Could you reproduce the lines below from the one with "Functions: Built-in GPS, altitude, air" through the one with "Glitzerndes Champagner-Tüll-Pailletten-Abschlussballkleid 8276"? Keep both ends and add nothing.

## TASK INPUT
▬▬▬

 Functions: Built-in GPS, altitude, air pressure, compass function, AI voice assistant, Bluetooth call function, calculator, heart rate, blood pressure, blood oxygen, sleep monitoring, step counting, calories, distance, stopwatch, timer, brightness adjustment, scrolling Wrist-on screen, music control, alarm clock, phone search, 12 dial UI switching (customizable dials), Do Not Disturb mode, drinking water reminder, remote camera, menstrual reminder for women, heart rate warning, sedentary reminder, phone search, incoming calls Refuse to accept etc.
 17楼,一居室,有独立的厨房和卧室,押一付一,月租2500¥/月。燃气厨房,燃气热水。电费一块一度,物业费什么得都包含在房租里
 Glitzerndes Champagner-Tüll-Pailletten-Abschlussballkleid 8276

▬▬▬

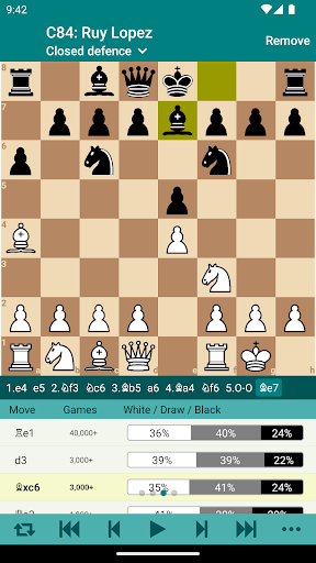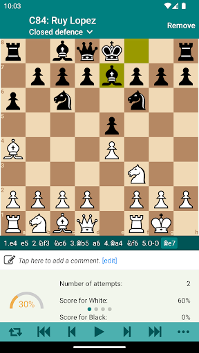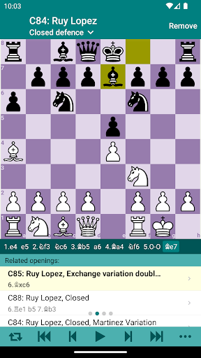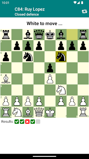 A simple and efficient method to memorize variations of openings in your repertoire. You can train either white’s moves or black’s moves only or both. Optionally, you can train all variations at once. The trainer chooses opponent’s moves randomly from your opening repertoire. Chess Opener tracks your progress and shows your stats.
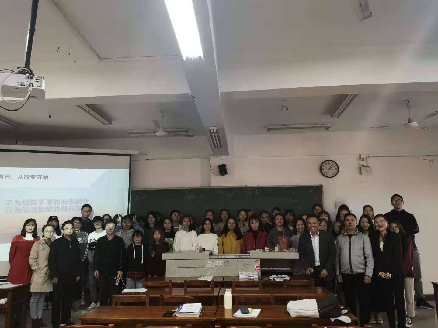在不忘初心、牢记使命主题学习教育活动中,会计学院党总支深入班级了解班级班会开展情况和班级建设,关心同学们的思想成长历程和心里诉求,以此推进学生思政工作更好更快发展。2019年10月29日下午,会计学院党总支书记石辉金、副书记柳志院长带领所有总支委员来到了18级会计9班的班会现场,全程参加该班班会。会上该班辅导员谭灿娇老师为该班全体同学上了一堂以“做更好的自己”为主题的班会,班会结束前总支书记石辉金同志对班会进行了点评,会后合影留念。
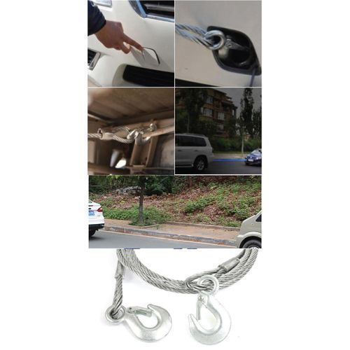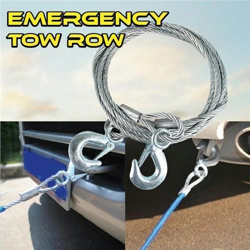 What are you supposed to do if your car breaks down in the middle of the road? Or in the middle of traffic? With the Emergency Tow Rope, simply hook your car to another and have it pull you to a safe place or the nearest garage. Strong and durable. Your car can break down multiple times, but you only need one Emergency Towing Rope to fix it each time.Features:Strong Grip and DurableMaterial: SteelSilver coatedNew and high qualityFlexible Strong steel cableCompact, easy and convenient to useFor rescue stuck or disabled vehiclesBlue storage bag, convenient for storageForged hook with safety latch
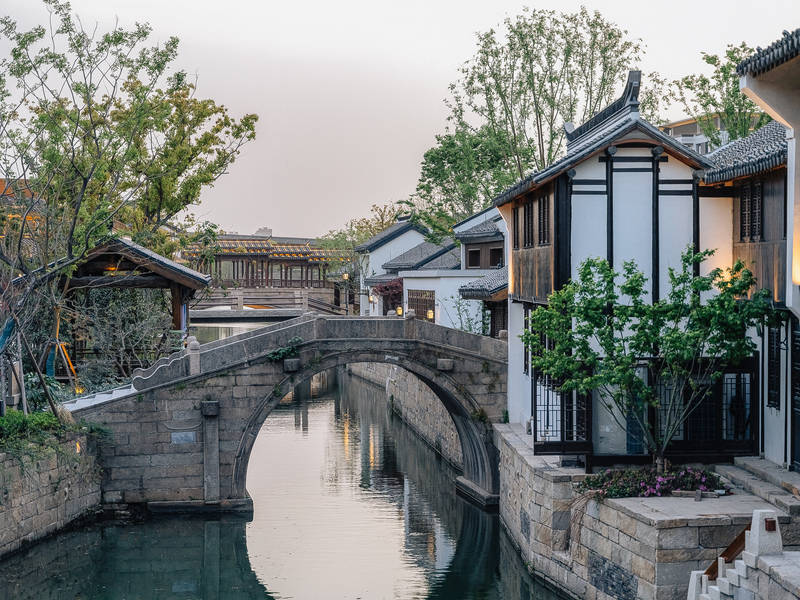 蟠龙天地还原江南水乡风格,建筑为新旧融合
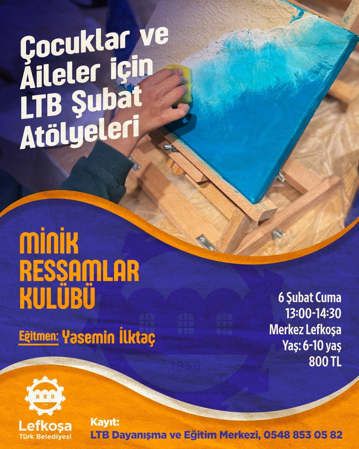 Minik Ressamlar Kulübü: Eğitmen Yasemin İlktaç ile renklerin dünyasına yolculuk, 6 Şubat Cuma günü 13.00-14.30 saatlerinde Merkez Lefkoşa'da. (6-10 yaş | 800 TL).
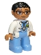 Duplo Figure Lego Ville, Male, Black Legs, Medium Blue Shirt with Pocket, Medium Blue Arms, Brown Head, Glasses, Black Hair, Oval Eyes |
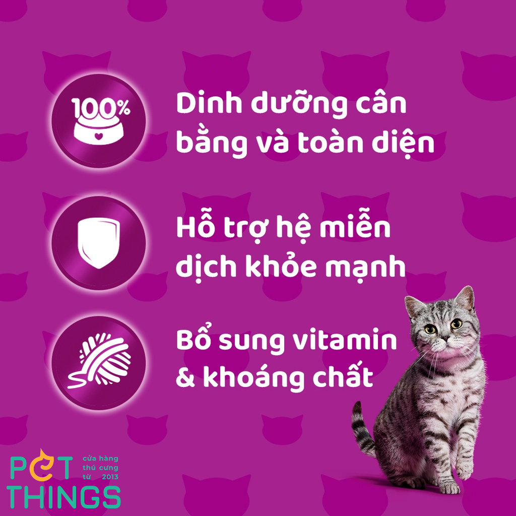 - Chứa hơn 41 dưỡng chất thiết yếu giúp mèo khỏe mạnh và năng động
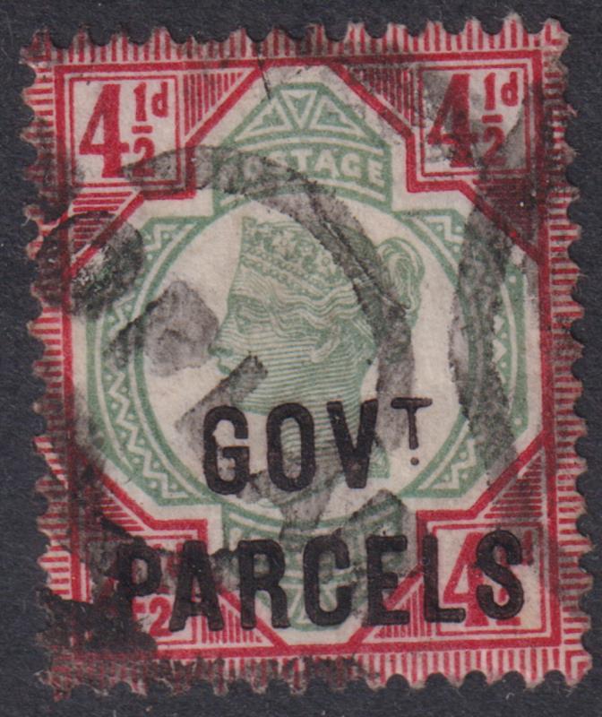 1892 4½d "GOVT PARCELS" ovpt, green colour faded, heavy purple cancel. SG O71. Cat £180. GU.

▬▬▬

## SOLUTION TO THE PROBLEM
 Functions: Built-in GPS, altitude, air pressure, compass function, AI voice assistant, Bluetooth call function, calculator, heart rate, blood pressure, blood oxygen, sleep monitoring, step counting, calories, distance, stopwatch, timer, brightness adjustment, scrolling Wrist-on screen, music control, alarm clock, phone search, 12 dial UI switching (customizable dials), Do Not Disturb mode, drinking water reminder, remote camera, menstrual reminder for women, heart rate warning, sedentary reminder, phone search, incoming calls Refuse to accept etc.
 17楼,一居室,有独立的厨房和卧室,押一付一,月租2500¥/月。燃气厨房,燃气热水。电费一块一度,物业费什么得都包含在房租里
 Glitzerndes Champagner-Tüll-Pailletten-Abschlussballkleid 8276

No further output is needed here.